Trail is culturally and historically a mining town.
From the discovery of gold and copper ore in the late 1800s to the establishment of a smelter in the early 1900s, Trail has depended on its natural resources. However, Trail is equally dependent on its people, who have shaped the city into a proud and ethnically diverse Kootenay Rockies community.
Early Mining Days
In 1890, the discovery of gold and copper ores on the face of Red Mountain triggered a series of events that led to the first settlement in the area. Claims were registered at the Nelson Mine Recorder's Office, giving deputy mining recorder Eugene S. Topping the inside scoop on the potential for the Rossland mining boom. Topping and his friend, Frank Hanna, promptly purchased 139ha/343ac at the outflow of Trail Creek. The pair made a big profit selling town lots and, in 1895, land was made available for the construction of the first smelter. The City of Trail was incorporated in 1901.
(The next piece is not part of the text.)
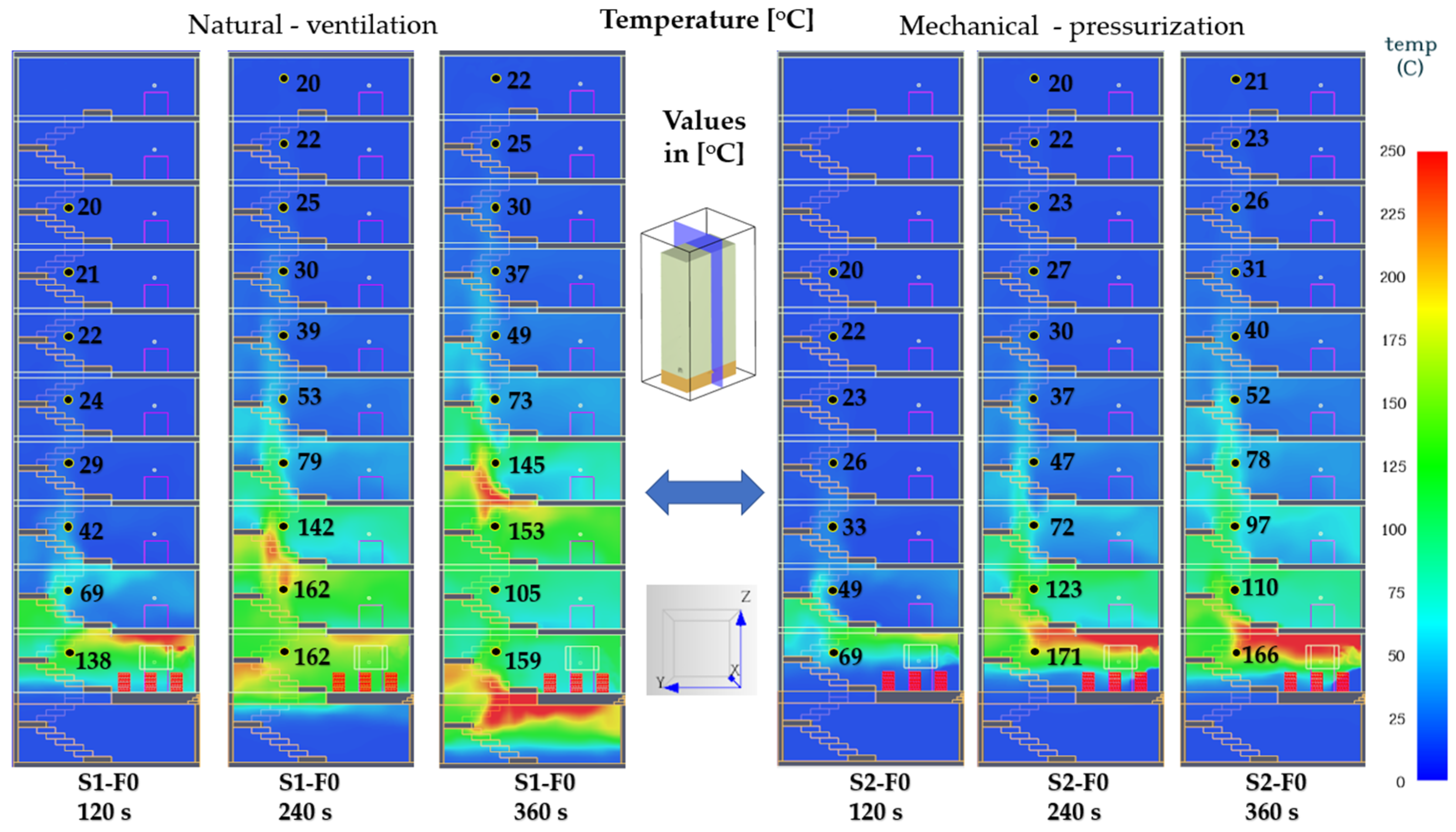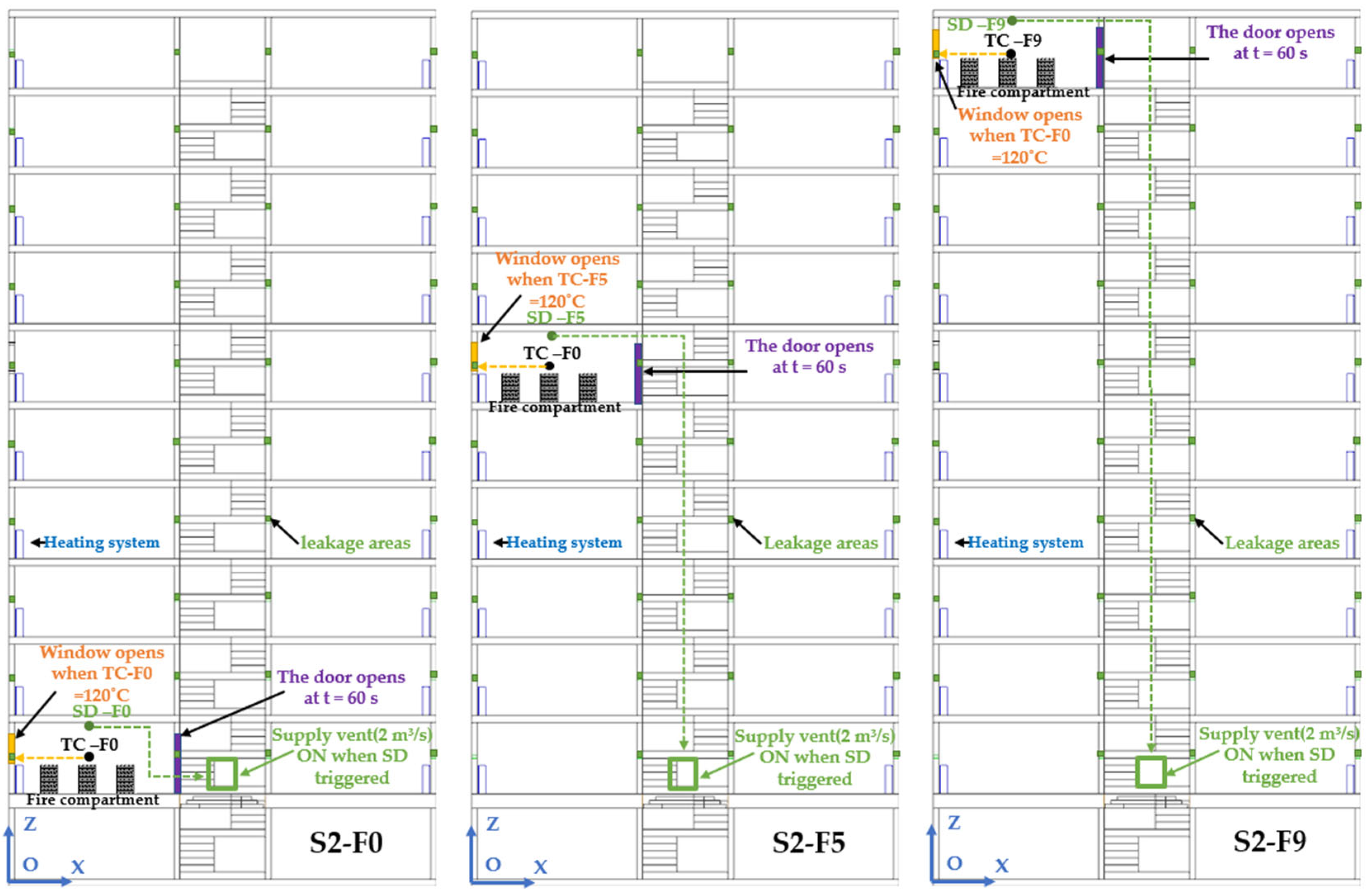 Three numerical simulations were performed: S2-F0 (fire on the ground floor), S2-F5 (fire on the 5th floor), and S2-F9 (fire on the 9th floor).

Consolidated Mining and Smelting Company
The Consolidated Mining and Smelting Company was founded in 1906, and while there were ups and downs in the industry, Trail continued to grow until the Great Depression of the 1930s. In the midst of years of economic turmoil, the company built a fertilizer plant, created work-sharing plans for its employees, and funded major civic projects. Smelter output increased during World War II to support the war effort, and the company was even to play a significant role in the development of the atom bomb. Postwar, the City of Trail saw a new wave of European immigration, and expanded accordingly.
People of Trail
Many of Trail's first residents were from Scotland, followed by immigrants from Italy and Germany. As the plant grew in size and scope, this company town became self-sufficient in trades and skills. Currently, Teck's Trail Operations employ approximately 1,500. Recently, a number of other employers, including some high-tech companies, have established themselves here.
Trail is a city in which extended family continues to flourish. There's a sense of pride in the community. People care about their gardens. They are proud of their sports heroes, and, in this "Home of Champions," a myriad of sporting events are made possible by the participation of hundreds of committed individuals.